Desse modo, o cientista da religião, consciente das possibilidades e limitações de suas diferentes áreas de investigação, deve manter, como parâmetro de seus estudos, uma abordagem fenomenológica.

Quando, em 1889, em sua tese de doutorado, Bergson (2011) reconhece a existência de dados imediatos da consciência, admite ser possível uma experiência imediata. Para Bergson, essa experiência primeira é a intuição, que ele sugere como o método necessário à reflexão filosófica. Ou seja, é a própria experiência interna, que não se restringe a si mesma, mas também a tudo o que é dado sem mediação.

A mística se enquadra, pois, de acordo com Bergson, na categoria das experiências que ocorrem sem nenhum tipo de intermediação.

A presente pesquisa, embora percorrendo os caminhos da fenomenologia da religião, pressupondo a veracidade dos testemunhos, conforme fundamentado por Michel de Certeau (2006), procura manter como fio condutor a intuição bergsoniana enquanto postura metodológica. A alteridade manifestada nas experiências místicas será identificada pelo termo Mistério. Desse modo poderão ser contempladas tanto as experiências das religiões monoteístas quanto das demais religiões, incluindo também os exemplos da mística profana.

As considerações até aqui expostas possibilitam conhecimento e explicações plausíveis para as muitas experiências místicas que acontecem no mundo profano, totalmente desvinculadas da fé ou de qualquer sistema religioso. Há o exemplo do Movimento Nova Era,38 que surgiu nos anos 1960, teve seu apogeu como movimento de massa nos anos 1980 e forneceu muitos relatos de experiências acontecidas fora das tradições religiosas, caracterizando-se por manifestar uma sensibilidade inteiramente impregnada de espiritualidade mística.

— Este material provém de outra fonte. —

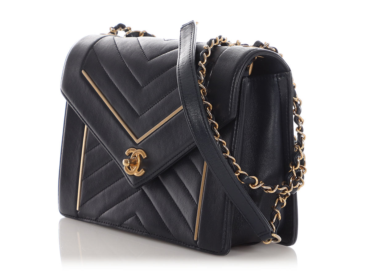 Chanel Navy Calfskin Reversed Chevron Envelope Flap Bag
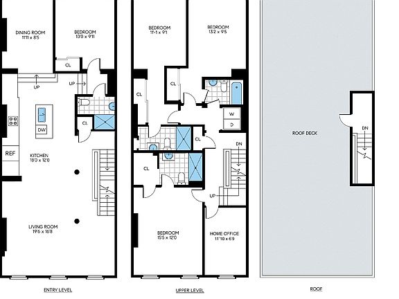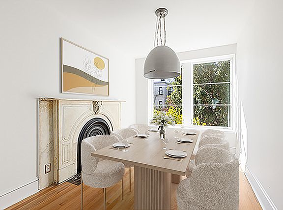 NO FEE!! NO FEE!! Welcome to 993 Lorimer #2, a 2350 sq ft triplex nestled in a prime Greenpoint/Williamsburg location, one block to vibrant McCarren park and Bedford Avenue. The G train is only one block away, and the L train, excellent bus service, two ferry terminals and CitiBikes provide easy access to the rest of the city and beyond. This triplex blends history and contemporary and has been impeccably restored and renovated to perfection. Enjoy chic townhouse living with an amazing private roof deck with gorgeous Manhattan views, a sprawling four-bedroom + home office, four-bathrooms, and in unit washer/dryer. Heading up the stoop you will notice a striking blue door which is the private entry to this beautiful triplex. Upon entering you will find a newly renovated home where you will discover a grand living space with beautiful decorative fireplaces with restored original mantles, crown moldings, high ceilings, hardwood floors, and oversized windows framing gorgeous outdoor views. The first floor of your spacious triplex features a modern chef's kitchen filled with abundant cabinet space, a center island and upscale brand new stainless steel appliances including a gas stove and dishwasher. Off the kitchen there is a separate dining room with charming decorative fireplace overlooking the tree filled backyard. There is also an expansive open-plan living room with another decorative fireplace and beautiful pillars framing the space. Also on this floor is a bedroom and full bathroom. The second floor of the expansive triplex offers an inviting and sun filled additional 3 bedrooms, all able to accommodate queen sized beds, 3 full bathrooms, and a home office. The spacious and quiet primary bedroom can easily hold a king sized bed and features a decorative fireplace and an en-suite bathroom with walk in shower. The top floor has a large private roof deck with Manhattan skyline and Brooklyn views. With plenty of space to enjoy the sunshine and entertain. This triplex has been meticulously renovated and includes high-end finishes and fixtures throughout the stunning interiors and has been updated with central A/C and full sized washer/dryer in unit. Heat is included in rent. In this ideal location near the border of Greenpoint and Williamsburg, you're surrounded by fantastic shopping, dining, concert and nightlife venues. Enjoy extraordinary outdoor space and recreation along the revitalized Greenpoint and Williamsburg waterfronts, while McCarren Park offers a pool, track, tennis and green market just one block south.
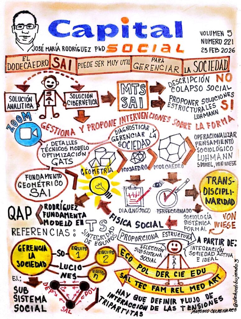 La geometría nos permite operacionalizar el pensamiento sociológico de Luhmann, Simmel y von Wiese, en el marco de un sistema cibernético integral (la cibernética de Beer), al apoyarnos en el Dodecaedro para gerenciar la sociedad. Previamente, con el Icosaedro (la tensegridad de Fuller) hacemos el diagnóstico, perfeccionándolo con el Dodecaedro Romo (compuesto UC69-152: interacción entre triángulos y pentágonos). En esta demostración de transdisciplinariedad debo admitir que, como ingeniero que soy, la idea de fundamentar mi modelo matemático en el QAP provino de la sociología sistemática y formal de von Wiese, quien sugería una física social.
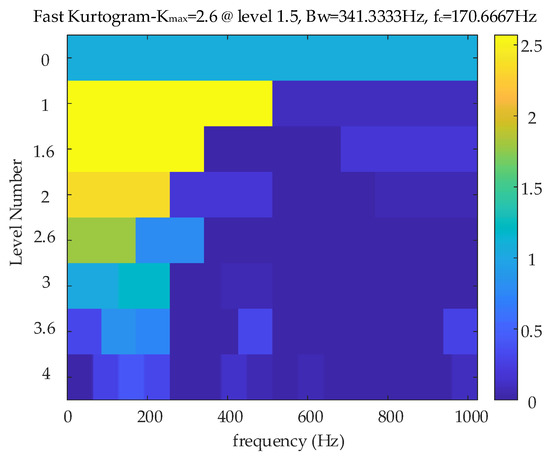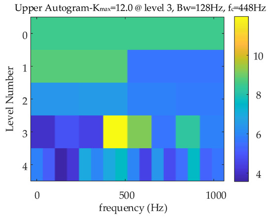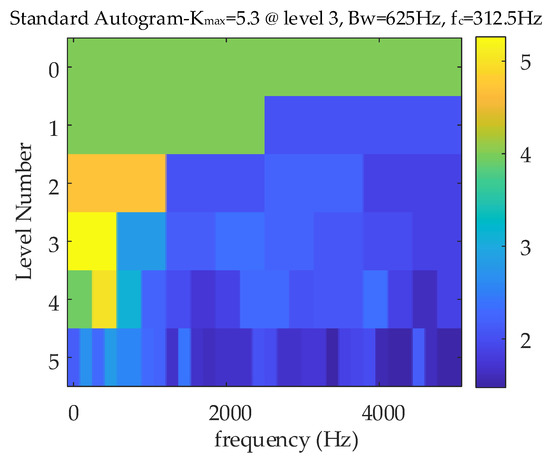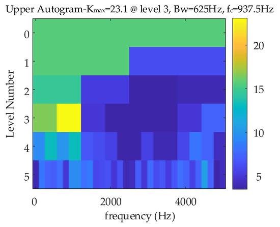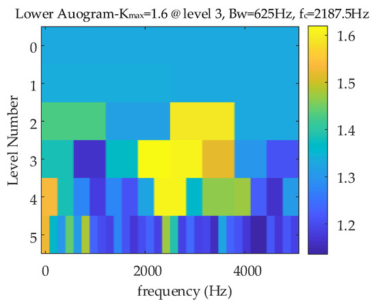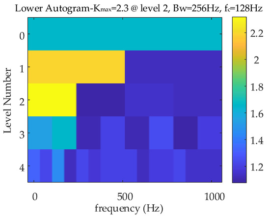 This step is to select the node, and let the node be data source for further fault feature extraction. The proposed method is different from FK, because the kurtosis of Autogram is computed based on the AC of the node of each level. Subsequently, the kurtosis values of all nodes, similar to FK, are presented in a colormap for which the color scale is proportional to the kurtosis value, and the vertical and horizontal axis represent the level of the MODWPT decomposition and frequency, respectively.

Bergson (1978) oferece meios para a compreensão do que é a mística. Seu método, a intuição, abre a possibilidade de conhecimento dessa complexa manifestação de religiosidade humana enquanto área de estudo, por suas diferentes expressões, mantendo um diálogo permanente com a experiência vivida. A busca das fontes, a leitura dos místicos, a contextualização histórica, a classificação dos fatos, são passos necessários em qualquer pesquisa.

38 “[...] a religiosidade de hoje tenta o caminho privilegiado de um novo ingresso na sociedade por

meio da vivência experiencial e das características místicas que lhe são próprias”, diz Terrin (1996, p. 184), referindo-se ao Movimento Nova Era.

O testemunho da experiência contido nos relatos é parte fundamental da abordagem bergsoniana, mas não a essência. O desenvolvimento de um tipo diferenciado de linguagem convida o estudioso a distanciar-se de conceitos apriorísticos e sentir a experiência, alinhar-se com o místico em seu encontro com a alteridade, para depois, então, proceder a sua análise.